Safety boots are the protection of the worker’s feet. In addition to the safety against impact provided by the presence of a toe cap required standard, safety boots provide protection against various risks that are specific to the worker’s environment.
Mechanical risks are shocks, jamming, crushing, perforations, punctures, cuts…
These different risks are very common in most trades. For example, the risk of falling objects and perforation is very present on construction sites. The risks of being caught or crushed are very common in the transport and logistics sectors.
To mitigate these risks, safety boots are systematically fitted with a protective toe cap that resists a shock of 200 joules and crushing at a compressive force of 1500 daN. Note that additional protection can be added to work boots.
For example, over-protection of the metatarsals or protection of the malleoli for lateral impacts on these small, protruding, and very painful bones.
Regarding the risk of perforation, most work boots are nowadays equipped with an anti-puncture sole.
Concerning the risk of cuts and other mechanical damage to the shoe, work boots can be made of very abrasion-resistant materials such as leather, microfiber, or very strong textiles.
Electrical risks include protection against electrostatic discharges.
When we are in motion, our body accumulates static electricity which discharges on any foreign body we come in contact with. These small electrostatic discharges are often very small, but they can still cause damage, such as damage to electrical components or trigger a fire or explosion in the most hazardous environments.
In the EN ISO 20345 standard, the additional requirement “A” certifies that the work boots is “Anti Static”, i.e. that it has an electrical resistance of between 0.1 and 1000 MΩ.
Be careful though: having an A (Antistatic) standard shoe does not mean that the worker can operate in explosive areas . There are several levels of protection against the risk of electrostatic discharges.
The ESD (Electro Static Discharge) certification, which is not part of the EN ISO 20345 standard, is more precise and demanding. It certifies that the work boots have an electrical resistance between 0.1 and 100 MΩ (instead of 0.1 and 1000 MΩ for requirement A).
For ATEX environments that present life-threatening risks, the entire environment of which the footwear is a part must be certified by an accredited and notified body such as INERIS.
What about electricians?
Be careful not to think that Antistatic or ESD shoes are “special electricians” shoes.
For people who work with low voltage electricity, there are insulating boots or shoes that do not transmit electricity to the ground. As for an ATEX environment, the shoe is not everything: there is no point in having an insulating shoe if you put your knee on the ground.
Thermal hazards are cold and heat rises, contact heat, molten metal projections, fire, etc.
Safety boots can protect against the cold thanks to thick leathers or fur or Thinsulate linings. The risks of cold are present during the winter season in particular.
In case of low temperatures, it is also important to choose a work boot that is resistant to moisture penetration (WRU and/or WR). Wet feet increase the feeling of cold feet. A CI standard work boots provide protection against the ingress of cold into the shoe.
Heat resistance is mainly achieved through the sole with materials such as rubber that resist heat by contact with hot floors. We speak of HRO work boots. The HRO requirement certifies that the outsole of the work boots is resistant to contact heat of 300°C.
As for the resistance to heat rising in the shoe, it is the HI requirement that attests to this.
Some leathers are also resistant to molten metal splashes and other materials are flame retardant, i.e. treated so as not to spread the fire.
Risks related to moving action
The risks associated with a moving action are slips and false movements leading to falls and injuries.
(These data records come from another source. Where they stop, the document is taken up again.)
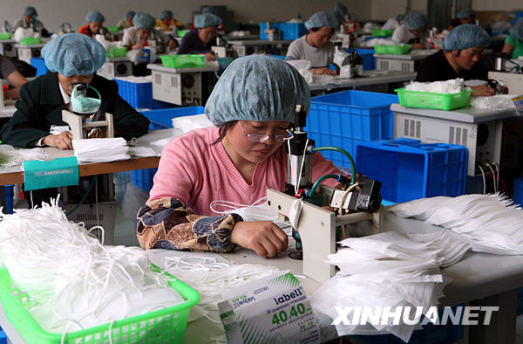 5月13日,在江蘇省泰州市海陵區九龍鎮一家醫用制品企業,工人正在按國家統一標準生產口罩。甲型H1N1流感疫情讓口罩成為俏銷貨,泰州企業在滿負荷生產的同時,嚴格操作流程,按國家統一標準生產,并落實質量分級承包責任制,嚴禁劣質口罩流入市場。新華社發(顧俊 攝)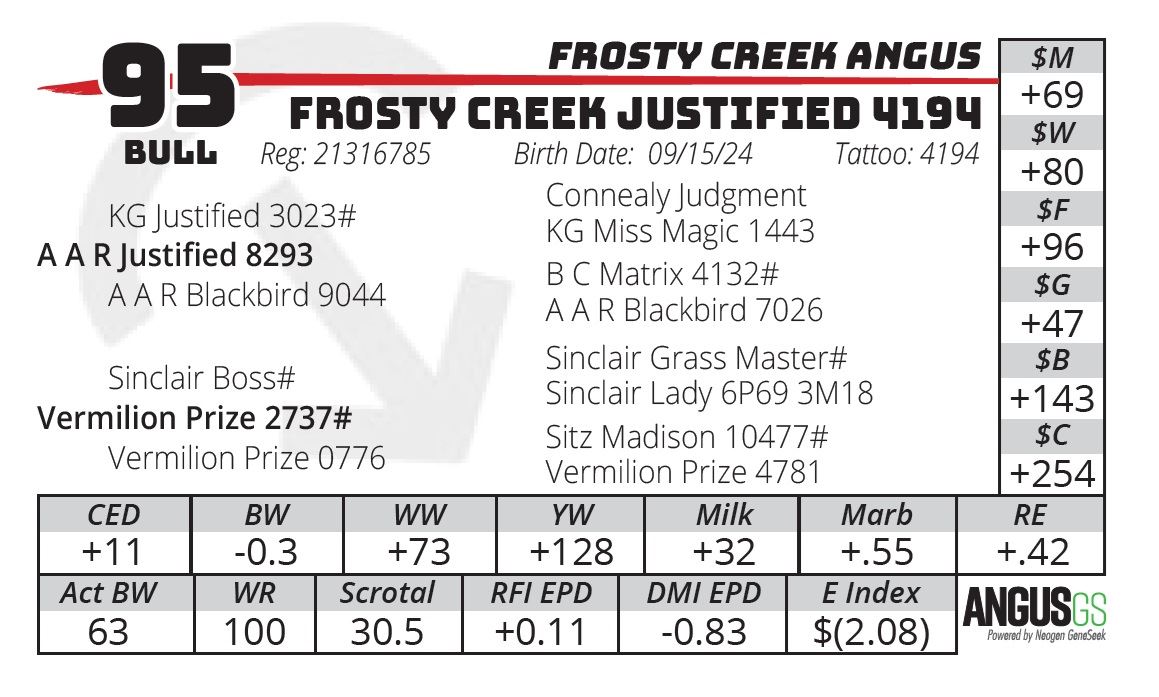 FROSTY CREEK JUSTIFIED 4194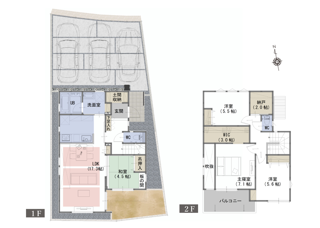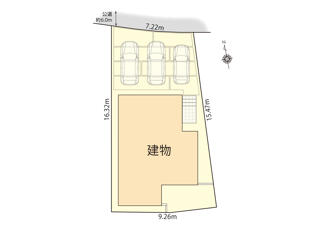 | 駐車場 | 3台(車種による) | 道路の幅員 | 北側6.0m |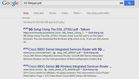 Filetype: Nếu muốn tìm tài liệu định dạng PDF về 3G, hãy nhập “3G filetype:pdf”.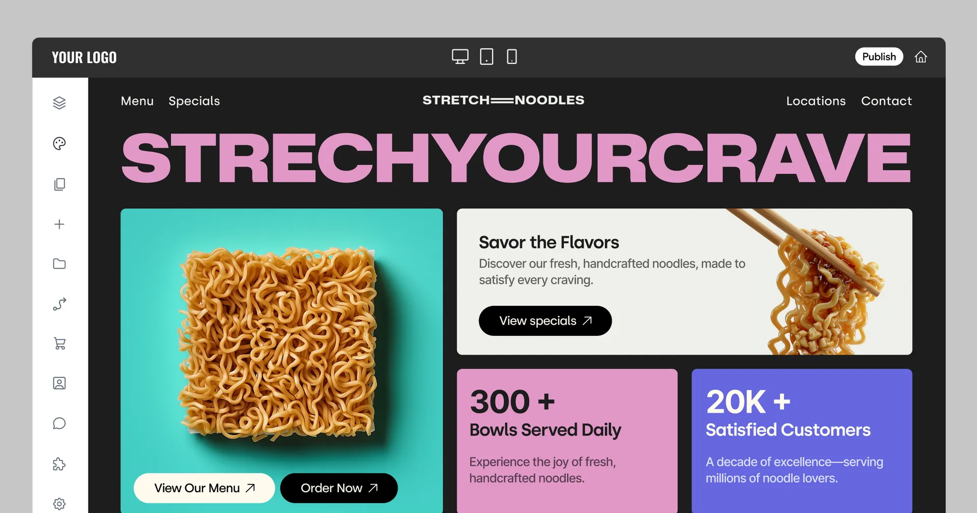 - Drag-and-drop editor with responsive design and global styling controls

The most common risk remains the risk of slipping, which causes falls on the same level or twists. Here, a suitable anti-slip shoe can be useful. It is necessary to analyze the soil to recommend the appropriate crampon and opt for nitrile rubber, which is the most adherent material on smooth ground.
The risk of slipping is regulated by the EN ISO 20345 standard under the SRA, SRB, and SRC requirements. The SRA concerns the slip resistance on the ceramic floor and the SRB on the steel floor. The SRC is obtained by validating the two requirements SRA and SRB.
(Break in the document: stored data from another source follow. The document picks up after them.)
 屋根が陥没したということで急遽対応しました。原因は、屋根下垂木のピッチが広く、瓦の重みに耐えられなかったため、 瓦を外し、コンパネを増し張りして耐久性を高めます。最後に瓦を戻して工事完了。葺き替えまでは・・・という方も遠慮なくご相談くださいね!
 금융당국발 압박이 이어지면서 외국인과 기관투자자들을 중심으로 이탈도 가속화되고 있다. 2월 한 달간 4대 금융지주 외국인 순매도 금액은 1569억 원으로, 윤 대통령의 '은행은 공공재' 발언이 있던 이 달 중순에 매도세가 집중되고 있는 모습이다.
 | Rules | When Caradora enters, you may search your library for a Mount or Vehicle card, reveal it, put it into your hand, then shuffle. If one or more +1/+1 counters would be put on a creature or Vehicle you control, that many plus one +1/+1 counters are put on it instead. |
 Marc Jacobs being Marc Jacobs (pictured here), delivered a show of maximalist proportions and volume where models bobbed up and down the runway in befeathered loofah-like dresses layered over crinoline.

Another common injury is twisting your ankle while walking on an obstacle. Here, you should choose work boots with high heels that will provide better ankle support.
Chemical risks are related to corrosive, toxic or irritating dust and liquids.
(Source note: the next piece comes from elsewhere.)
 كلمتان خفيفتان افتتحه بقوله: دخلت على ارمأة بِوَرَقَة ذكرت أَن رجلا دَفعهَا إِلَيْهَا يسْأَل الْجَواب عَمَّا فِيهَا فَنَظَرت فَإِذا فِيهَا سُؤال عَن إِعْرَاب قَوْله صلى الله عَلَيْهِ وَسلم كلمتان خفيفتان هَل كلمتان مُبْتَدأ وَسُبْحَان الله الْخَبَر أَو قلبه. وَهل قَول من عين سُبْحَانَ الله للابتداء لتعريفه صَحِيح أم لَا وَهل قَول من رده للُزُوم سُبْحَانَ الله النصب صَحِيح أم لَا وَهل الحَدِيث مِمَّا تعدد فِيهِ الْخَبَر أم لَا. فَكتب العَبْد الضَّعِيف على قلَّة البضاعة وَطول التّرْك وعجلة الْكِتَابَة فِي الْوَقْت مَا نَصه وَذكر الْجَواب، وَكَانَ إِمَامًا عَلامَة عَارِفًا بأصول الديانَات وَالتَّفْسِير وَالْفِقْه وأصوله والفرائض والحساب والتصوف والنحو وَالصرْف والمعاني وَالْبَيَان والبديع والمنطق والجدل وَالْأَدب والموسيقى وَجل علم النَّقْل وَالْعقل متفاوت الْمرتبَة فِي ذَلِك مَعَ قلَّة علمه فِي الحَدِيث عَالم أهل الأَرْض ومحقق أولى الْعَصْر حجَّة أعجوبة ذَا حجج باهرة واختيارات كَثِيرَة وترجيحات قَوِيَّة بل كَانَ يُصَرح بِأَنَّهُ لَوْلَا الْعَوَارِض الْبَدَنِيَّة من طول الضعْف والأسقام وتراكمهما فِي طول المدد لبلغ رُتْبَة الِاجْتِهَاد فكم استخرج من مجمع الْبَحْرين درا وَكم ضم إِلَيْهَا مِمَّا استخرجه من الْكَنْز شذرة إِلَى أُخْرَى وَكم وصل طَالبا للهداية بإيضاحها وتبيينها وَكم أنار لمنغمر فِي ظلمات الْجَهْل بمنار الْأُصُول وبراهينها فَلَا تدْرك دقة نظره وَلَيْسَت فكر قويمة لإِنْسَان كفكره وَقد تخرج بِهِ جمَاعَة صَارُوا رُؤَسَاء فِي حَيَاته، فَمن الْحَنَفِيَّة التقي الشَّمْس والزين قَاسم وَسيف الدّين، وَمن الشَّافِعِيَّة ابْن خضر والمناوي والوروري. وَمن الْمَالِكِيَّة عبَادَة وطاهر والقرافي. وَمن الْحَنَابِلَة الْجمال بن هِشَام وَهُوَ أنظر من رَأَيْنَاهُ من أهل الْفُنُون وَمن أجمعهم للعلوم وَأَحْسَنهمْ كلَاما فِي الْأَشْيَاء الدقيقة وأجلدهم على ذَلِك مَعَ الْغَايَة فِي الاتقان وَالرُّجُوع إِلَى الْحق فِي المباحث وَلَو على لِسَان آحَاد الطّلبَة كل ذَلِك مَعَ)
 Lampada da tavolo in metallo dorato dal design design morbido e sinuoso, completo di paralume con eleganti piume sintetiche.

The materials used in safety boots must meet certain resistance requirements, such as resistance to abrasion. Although each liquid is different and must be tested, materials such as leather and microfiber provide sufficient protection against certain corrosive chemicals.
The soles of work boots can also be designed to resist hydrocarbons (FO requirement).
A work boots is put on to protect. Any discomfort generated by the work boots will create risks for the person. With bad equipment, plantar hyper solicitations are likely to appear.
The foot being the base of the human body, these problems at the base localized in the feet, go up all the locomotor chain and come to impact the overlying parts (ankles, knees, hips, spine…) leaving appearing on the long term of muscular and articular pains provoking TMS (Musculoskeletal disorders) and lumbago.